# Spay laser vs traditional



## britishbabe

Hi, I am contemplating laser spay. Has anyone done this, and if so what is the recovery time like vs the traditional method. 

I know the cost is high, but unless there is a huge difference in pain control and recovery time is it worth it?? 

Thanks.


----------



## Heather's

Truffles only had her ovaries removed after turning one year old. She had an incision that was about 2" long. It was high on her abdomen so she wasn't able to reach it. The first night she was pretty drowsy. The next day she was back to her old self. I really had to watch her closely for a week because she wanted to play with Scout. I did give her pain medication for a few days. The incision never bothered her. She made a fast recovery.


----------



## Dee Dee

Sophie has an app't next Friday (ACK!!!) for laporoscopic spay. I know that most dogs recover fine with traditional spay and don't seem to have a lot of pain with it but just to be on the safe side I decided to have it done laporoscopically. I know dogs and humans are different but I got "spayed" myself this summer minimally invasive and when I woke up I literally could not tell I had had surgery! Nothing hurt, I was up and walking immediately, came home the next morning and went straight to work...I almost wondered if they actually did anything. Friends who had it done the other ways had a terrible time recovering. So again I doubt the difference it that big with dogs but even if it's a little bit I feel is worth it and as crazy as Sophie is even though I plan to keep her as quiet as humanely possible for a couple days I know she is going to be a hard one to keep from over doing.


----------



## Jackie from Concrete WA

Willow had laser. They told me that healing would be faster and less pain, less bleeding, etc. I decided to go for the laser just to play it safe.


----------



## Dee Dee

how did Willow do with recovery?


----------



## davetgabby

laser


----------



## davetgabby

Laser surgery benefits for patients
•Less Pain - The CO2 laser beam seals nerve endings as it cuts through tissue. This reduces the amount of pain the patient feels during surgery and patient experiences a far more comfortable post-operative recovery.
•Reduced Bleeding – The CO2 laser beam cauterizes and seals small blood vessels as it cuts. This laser energy achieves hemostasis and provides the surgeon with a bloodless surgical field in most procedures.

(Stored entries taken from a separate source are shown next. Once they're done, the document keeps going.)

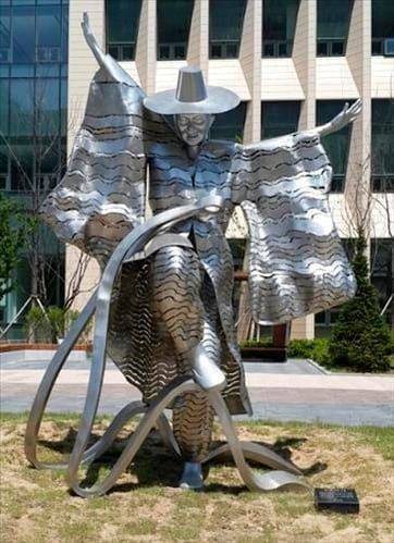 갓을 쓴 한복 차림 남성이 춤사위를 벌이는 형상으로, 지난 2014년 청사관리본부가 공모를 통해 1억 5000만원 들여 설치했는데, 즉각 흉물스럽다는 비판이 쏟아졌습니다.
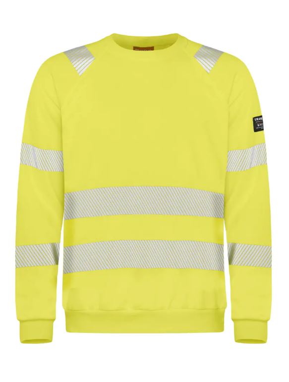 Inherent flammehemmende collegegenser i synlighet med rund hals. PFAS-fri tekstil der 50% av bomullen er resirkulert.
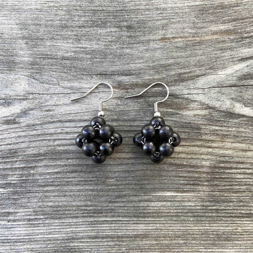 Puuhelmistä ja metallilangasta punottujen Terttu-korvakorujen muoto muistuttaa puutarhan vadelmia tai pientä kourallista viinimarjoja. Puuhelmet ovat maalattuja ja lakattuja. Koukuissa on käytetty nikkelivapaata metallilankaa. Korvakorujen halkaisija on n. 2 cm ja korkeus koukun kanssa n. 3,3 cm. Korvakorupari on kiinnitetty uusiokartonkiseen tuotelappuun.
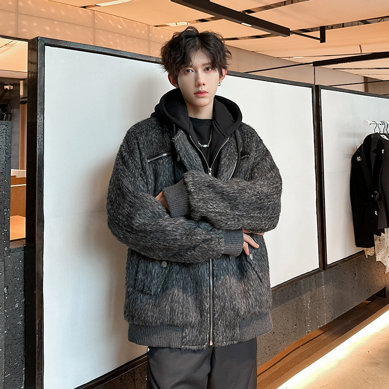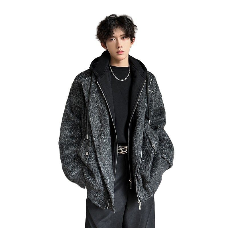 Grey woolen coat men’s spring and autumn hooded jacket zipper solid color
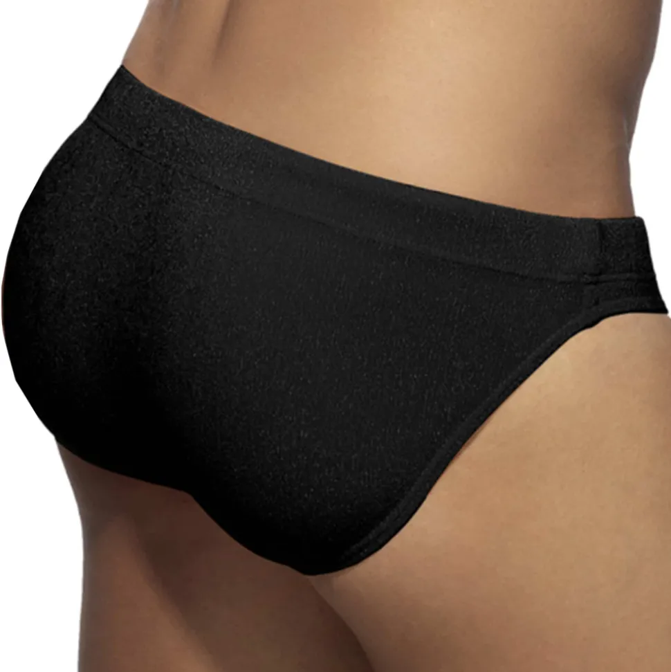 Slip de bain bikini taille basse en microfibre texturée légèrement brillante. Système Pack Up intégré avec mousse amovible pour plus de volume frontal. Poche frontale moulée sans couture pour un confort optimal. Ceinture élastique avec cordon de serrage de couleur contrastée. Logo Addicted en silicone sur la hanche gauche.
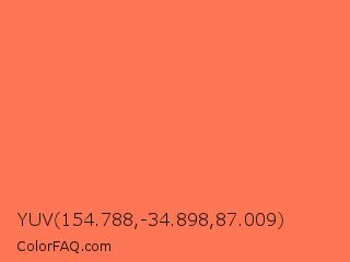 YUV 154.788,-34.898,87.009 Color is a light red color and the nearest color is Coral #ff7f50. Hex code #fe7654 and RGB value is rgb(254,118,84). In RGB color space, this color is composed of 100% red, 46% green, 33% blue, In CMYK color space, this color is composed of 0% cyan, 54% magenta, 67% yellow , 0% black , In HSL color space, this color has a hue angle of 12° , 99% saturation and 66% lightness.
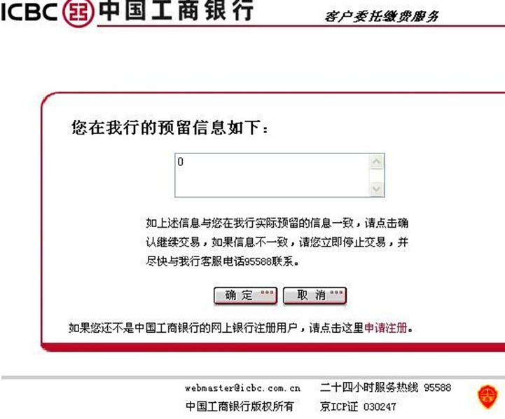 4、核對您在工行的預留信息。
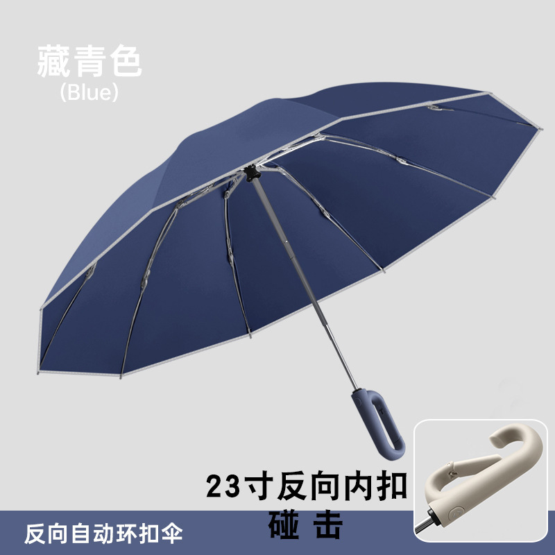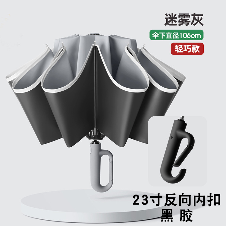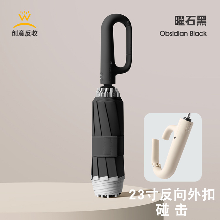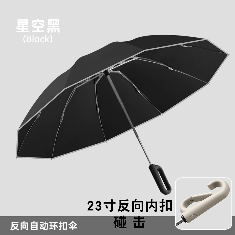 23인치 27단 역방향 버클 완전 차광 자동 우산 10단 접이식 방풍 이중 차양 자외선 차단 블랙 글로스 방수스토어 가기
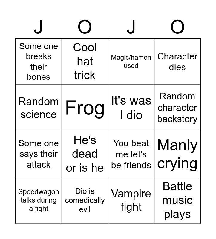 This bingo card has 16 words: Dio is comedically evil, Manly crying, Magic/hamon used, Some one breaks their bones, Some one says their attack, Cool hat trick, You beat me let's be friends, Vampire fight, Random science, Frog, Speedwagon talks during a fight, Character dies, He's dead or is he, Random character backstory, It's was I dio and Battle music plays.

This drastic reduction in bleeding also enables a number of new surgical procedures that are not practical with conventional scalpel.
•Reduced Swelling – There is no physical contact between the laser and the surgical region, eliminating the tearing and bruising of tissue associated with traditional surgical methods. Lymphatic vessels are also sealed.
•Reduced Infection – Laser energy acts as an antibacterial agent by producing high temperatures, effectively eliminating microorganisms.T his is one of the unique features of the CO2 laser beam: it efficiently kills bacteria in its path, producing a sterilizing effect.
•Quicker Recovery – As a result of all of the above, laser surgery provides the benefit your clients will appreciate the most: a quicker recovery for their pet


----------



## Heather's

I would also inquire about their how long they have been doing laser surgery. There are lot's of benefits, but experience is very important.


----------



## Jackie from Concrete WA

Dee Dee said:


> how did Willow do with recovery?


She had to wear the cone of shame for a week, but she didn't seem to be in much, if any pain. The first day home she was kind of dopey and not very energetic. After the first day she seemed pretty normal. I got her a onesie to wear during the day.

Amazon.com : Cover Me by Tui Adjustable Fit Puppy Print Pullover with Long Sleeve for Pets, Small : Pet Supplies

I would catch her trying to lick the incision site but it never looked bad or inflamed. She recovered just fine!


----------



## Eveningpiper

I bought the same brand for Ruby who has her spay operation in a few weeks. These doggie onesies are more expensive than the baby ones but I wanted the exact custom doggie design - more for my own anxieties than anything else. The fabric is really nice and thick and the snap system seems very well designed. I chose the short sleeve style.


----------



## Jackie from Concrete WA

Yeah, I didn't even know that human baby onesies might work. These doggie onesies worked just fine though and were easy on/off.


----------



## Dee Dee

Jackie I am surprised Willow had to wear the cone and for so long was this with the laser spay? I figured Sophie wouldn't have to wear one at all since there will be no big incision...?


----------



## Heather's

Truffles had the cone on when she came home, but was bumping into everything. She even had trouble walking so I removed it. I just left the cone off and she never noticed the incision.


----------



## Jackie from Concrete WA

Dee Dee said:


> Jackie I am surprised Willow had to wear the cone and for so long was this with the laser spay? I figured Sophie wouldn't have to wear one at all since there will be no big incision...?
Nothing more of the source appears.